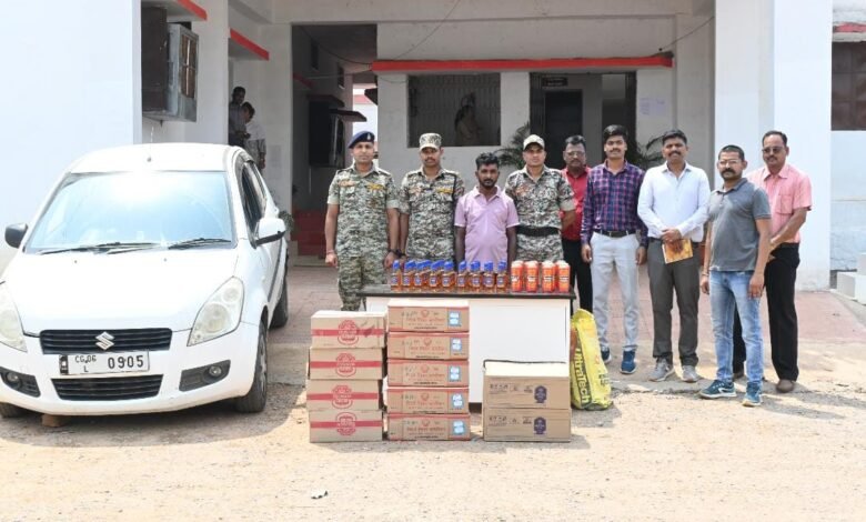 विवरण- श्रीमान पुलिस अधीक्षक महोदय जिला मोहला मानपुर अं०चौकी श्री यशपाल सिंह (IPS) के निर्देशन में एवं श्रीमान अतिरिक्त पुलिस अधीक्षक महोदय, श्री मयंक गुर्जर (IPS), अतिरिक्त पुलिस अधीक्षक महोदय, श्री पीताम्बर पटेल तथा श्रीमान पुलिस अनुविभागी अधिकारी महोदय अंबागढ़ चौकी श्री अर्जुन कुर्रे, उप पुलिस अधीक्षक (नक्स. आप्स) श्री ताजेश्वर दीवान के मार्ग दर्शन में चौकी पटनखास प्रभारी उप निरीक्षक श्री गणेश यादव के कुशल नेतृत्व में सुध्घर जन सुरक्षित जिला अभियान के तहत अपराधिक गतिविधियों पर सतत् निगरानी रखते हुए एवं आगामी लोकसभा चुनाव के दौरान आदर्श चुनाव आचार संहिता को ध्यान में रखते हुए अवैध शराब कोचियों/तस्करो पर लगातार कार्यवाही की जा रही है दिनांक 01.04.2024 को MCP कार्यवाही के दौरान संदिग्ध वाहन मारुति सुजुकी कार RITZ- CG06L0905 का चालक पुलिस पार्टी को देखकर गाड़ी छोड़कर भाग रहा था जिसे MCP कार्यवाही पर लगे जवानों के द्वारा घेराबंदी कर पकड़ा गया। उक्त वाहन चालक के द्वारा गाड़ी की तलाशी करवाने पर गाड़ी एवं उसके डिक्की पर रखें बड़ी मात्रा मे शराब रखा था। चालक से शराब रखने के सम्बन्ध मे पूछताछ करने पर शराब बिक्री हेतु ले जाना बताया आरोपी – अमित टेमबुल्कर पिता रामलाल उम्र 31वर्ष सकिन ग्राम कोसमी थाना कोटगुल जिला गड़चिरोली की गाड़ी में रखे अवैध शराब (1) 5 पेटी haywards 5000 बियर प्रत्येक पेटी में 24 नग प्रत्येक की कैपिसिटी 500 ml total 120 नग टोटल 60 लीटर कीमती 15,600 रुपए। (2) 5 पेटी देशी संत्री शराब प्रत्येक में 48 नग प्रत्येक की कैपिसिटी 180 ml टोटल, 43.200 लीटर कीमती 16,800 रुपए। (3) 2 पेटी इंपीरियल ब्लू अंग्रेजी शराब प्रत्येक पेटी में 48 नग प्रत्येक की कैपिसिटी 180ml टोटल 17.280 लीटर कीमती 15,360 रुपए। (4) एक कार मारुति सुजुकी ritz cg 06 L 0905 कीमती 2,40,000 रुपए।
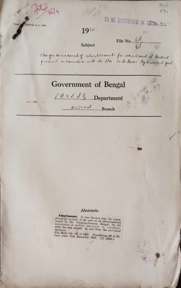 | Rack No. 9, Bundle No. 85, Sl No. 6520 General council and state faculty of Ayurvedic Medicine. | Rack No. 9, Bundle No. 85, Sl No. 6521 Bengal profession Trades Callings, Employment Taxation Rules. | Rack No. 9, Bundle No. 85, Sl No. 6522 Verification rolls of Nepalese. | Rack No. 9, Bundle No. 85, Sl No. 6523 Charges on account of advertisements for recruitment of Medical Personnel in connection with the war should be from by provincial govt. | Rack No. 9, Bundle No. 85, Sl No. 6524 A.Q. by Dr. H.C. Mukherji regarding Bengal employees in the Mental Hospital at Kanke, Ranchi. | Rack No. 9, Bundle No. 85, Sl No. 6525 Resolutions of the Council amending Rule 8 of the Ethical Rules. | Rack No. 9, Bundle No. 85, Sl No. 6526 Appointment of a Demonstrator of Anatomy in the Medical College Hospitals, Calcutta. |
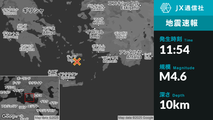 | 震源地 | ギリシャのAmorgósから南南西29kmの地点 |
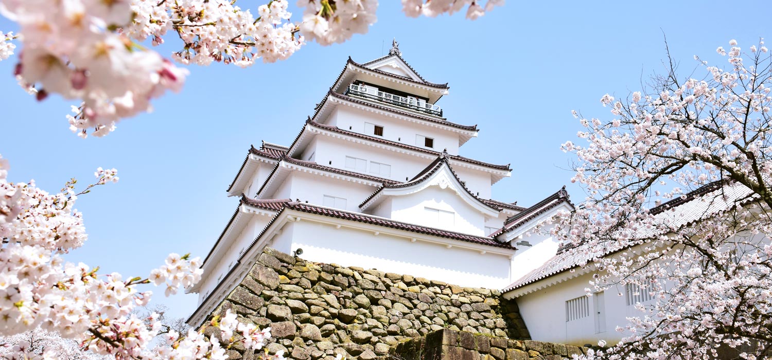 鶴城(會津若松城)是會會津若松市的象徵,是舊幕府軍與新政府軍交戰的“戊辰戰爭”的舞台之一。重建以恢復德川後期的外觀此外,近年來,在已上釉的紅色屋頂瓦片上它被重新屋頂。從the望台可以眺望堆積有天然石材的“ Nozuratsumi”的石牆和城堡塔樓,是一個絕佳的視角。
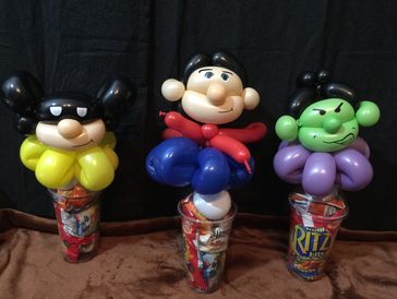 Let us take away the stress of making party favours. We fill a cup with candy and attach a balloon animal on top. Customizable to any theme with delivery options available.
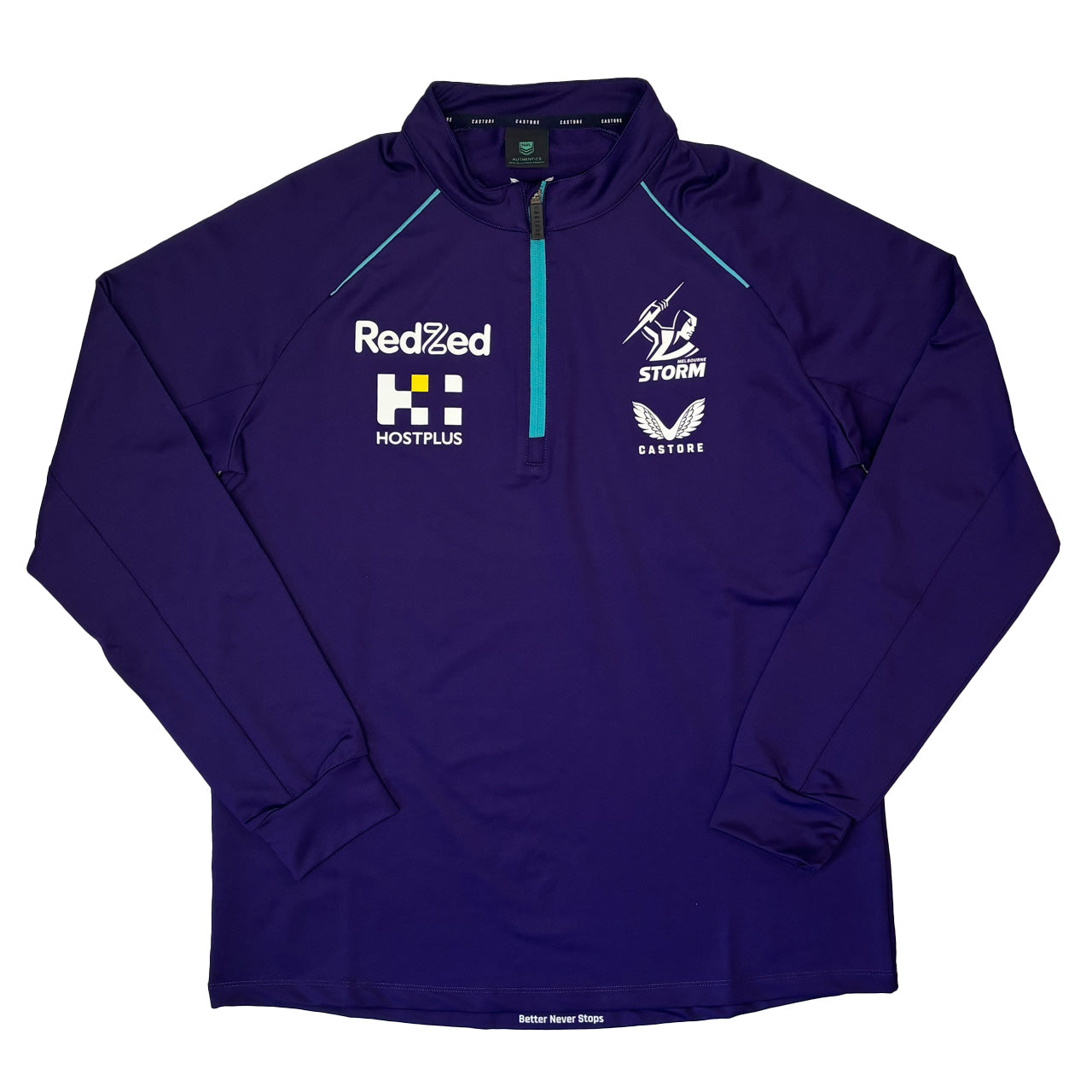 Castore Melbourne Storm 2022 Mens Training 1/4 Zip Top Purple is built for comfort and performance during training or casual wear. Made with lightweight, breathable fabric, it helps regulate body temperature while keeping you comfortable on the move. Featuring the Melbourne Storm crest, sponsor logos, and a stylish quarter-zip design, it’s perfect for showing your support on and off the field.

☆ ☆ ☆ ☆

Aim of the task → Please restate, word for word, the lines from the one with "震源地 | ギリシャのAmorgósから南南西29kmの地点 |" through the final line of the material, both included, and omit the pictures.

Response box →
 | 震源地 | ギリシャのAmorgósから南南西29kmの地点 |
 鶴城(會津若松城)是會會津若松市的象徵,是舊幕府軍與新政府軍交戰的“戊辰戰爭”的舞台之一。重建以恢復德川後期的外觀此外,近年來,在已上釉的紅色屋頂瓦片上它被重新屋頂。從the望台可以眺望堆積有天然石材的“ Nozuratsumi”的石牆和城堡塔樓,是一個絕佳的視角。
 Let us take away the stress of making party favours. We fill a cup with candy and attach a balloon animal on top. Customizable to any theme with delivery options available.
 Castore Melbourne Storm 2022 Mens Training 1/4 Zip Top Purple is built for comfort and performance during training or casual wear. Made with lightweight, breathable fabric, it helps regulate body temperature while keeping you comfortable on the move. Featuring the Melbourne Storm crest, sponsor logos, and a stylish quarter-zip design, it’s perfect for showing your support on and off the field.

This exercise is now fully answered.